→ INFORMATION SUPPLIED:
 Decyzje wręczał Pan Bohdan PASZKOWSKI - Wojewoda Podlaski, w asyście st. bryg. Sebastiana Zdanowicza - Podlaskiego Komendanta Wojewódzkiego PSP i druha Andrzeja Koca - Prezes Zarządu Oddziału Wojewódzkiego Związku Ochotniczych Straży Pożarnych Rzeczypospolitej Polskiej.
==
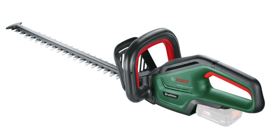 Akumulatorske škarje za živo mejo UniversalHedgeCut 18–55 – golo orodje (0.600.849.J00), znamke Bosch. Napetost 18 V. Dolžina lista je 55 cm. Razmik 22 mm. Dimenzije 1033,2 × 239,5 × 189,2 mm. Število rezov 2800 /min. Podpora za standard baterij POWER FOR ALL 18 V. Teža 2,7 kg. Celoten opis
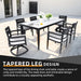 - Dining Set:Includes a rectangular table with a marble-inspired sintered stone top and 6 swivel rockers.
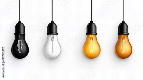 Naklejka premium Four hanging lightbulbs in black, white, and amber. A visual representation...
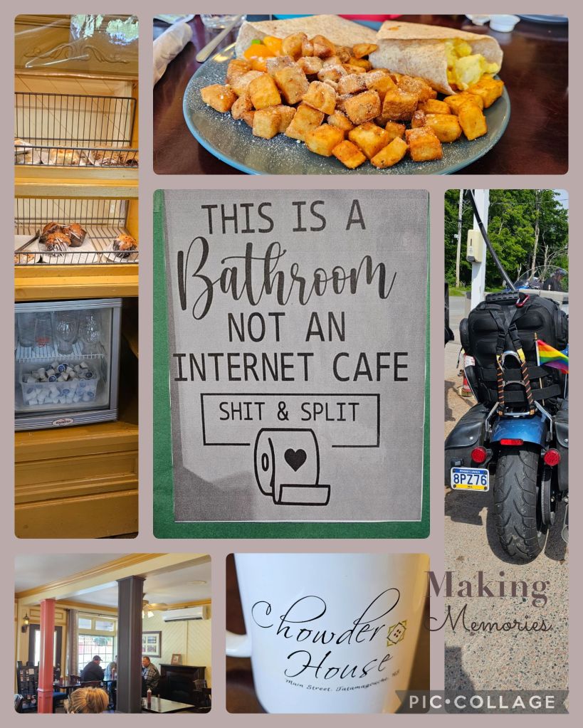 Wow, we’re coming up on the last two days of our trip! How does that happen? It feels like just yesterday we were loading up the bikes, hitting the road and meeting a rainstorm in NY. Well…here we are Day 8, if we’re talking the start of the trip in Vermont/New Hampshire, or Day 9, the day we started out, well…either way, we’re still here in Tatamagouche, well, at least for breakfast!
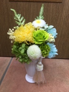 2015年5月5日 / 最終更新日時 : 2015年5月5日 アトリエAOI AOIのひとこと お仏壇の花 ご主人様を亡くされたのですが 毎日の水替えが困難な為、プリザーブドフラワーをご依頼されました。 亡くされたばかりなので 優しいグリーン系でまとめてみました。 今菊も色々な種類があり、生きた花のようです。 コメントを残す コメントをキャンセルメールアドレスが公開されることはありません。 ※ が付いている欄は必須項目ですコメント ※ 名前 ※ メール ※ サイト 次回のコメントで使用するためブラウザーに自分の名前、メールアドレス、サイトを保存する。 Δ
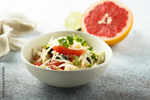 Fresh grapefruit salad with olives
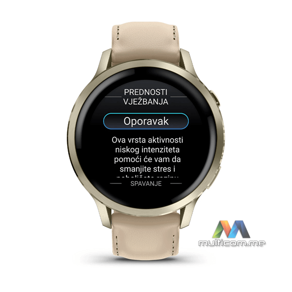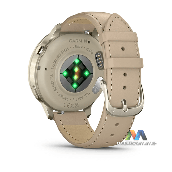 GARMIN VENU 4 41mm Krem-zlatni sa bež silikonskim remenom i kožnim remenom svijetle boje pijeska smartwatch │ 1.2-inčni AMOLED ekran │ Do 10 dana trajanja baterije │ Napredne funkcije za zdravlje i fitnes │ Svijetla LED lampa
* * *
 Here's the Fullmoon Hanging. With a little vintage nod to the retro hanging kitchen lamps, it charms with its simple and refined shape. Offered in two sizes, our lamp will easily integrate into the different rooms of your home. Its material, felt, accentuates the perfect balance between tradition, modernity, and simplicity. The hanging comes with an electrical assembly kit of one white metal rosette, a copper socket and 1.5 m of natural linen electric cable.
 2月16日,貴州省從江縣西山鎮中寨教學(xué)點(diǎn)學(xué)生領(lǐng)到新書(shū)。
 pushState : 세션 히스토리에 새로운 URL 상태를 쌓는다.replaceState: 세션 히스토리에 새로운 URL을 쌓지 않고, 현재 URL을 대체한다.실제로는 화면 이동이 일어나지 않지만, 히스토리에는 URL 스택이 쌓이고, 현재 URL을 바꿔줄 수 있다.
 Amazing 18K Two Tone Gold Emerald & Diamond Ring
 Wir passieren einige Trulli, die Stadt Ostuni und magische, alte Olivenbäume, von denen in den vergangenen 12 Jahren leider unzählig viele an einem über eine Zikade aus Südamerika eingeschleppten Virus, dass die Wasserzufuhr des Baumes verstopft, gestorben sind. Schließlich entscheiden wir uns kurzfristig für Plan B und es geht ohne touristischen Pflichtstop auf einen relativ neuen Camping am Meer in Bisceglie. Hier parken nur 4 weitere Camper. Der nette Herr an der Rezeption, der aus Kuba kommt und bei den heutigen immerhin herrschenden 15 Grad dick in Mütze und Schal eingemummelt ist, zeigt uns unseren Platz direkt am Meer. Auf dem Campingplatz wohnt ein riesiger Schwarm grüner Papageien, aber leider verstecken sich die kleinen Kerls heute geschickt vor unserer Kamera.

→ WORK TASK: Extract the part of the records that opens with the line containing "2015年5月5日 / 最終更新日時" and closes with the line containing "GARMIN VENU 4". Take only those lines, exactly, and no pictures.

→ ANSWER AREA:
 2015年5月5日 / 最終更新日時 : 2015年5月5日 アトリエAOI AOIのひとこと お仏壇の花 ご主人様を亡くされたのですが 毎日の水替えが困難な為、プリザーブドフラワーをご依頼されました。 亡くされたばかりなので 優しいグリーン系でまとめてみました。 今菊も色々な種類があり、生きた花のようです。 コメントを残す コメントをキャンセルメールアドレスが公開されることはありません。 ※ が付いている欄は必須項目ですコメント ※ 名前 ※ メール ※ サイト 次回のコメントで使用するためブラウザーに自分の名前、メールアドレス、サイトを保存する。 Δ
 Fresh grapefruit salad with olives
 GARMIN VENU 4 41mm Krem-zlatni sa bež silikonskim remenom i kožnim remenom svijetle boje pijeska smartwatch │ 1.2-inčni AMOLED ekran │ Do 10 dana trajanja baterije │ Napredne funkcije za zdravlje i fitnes │ Svijetla LED lampa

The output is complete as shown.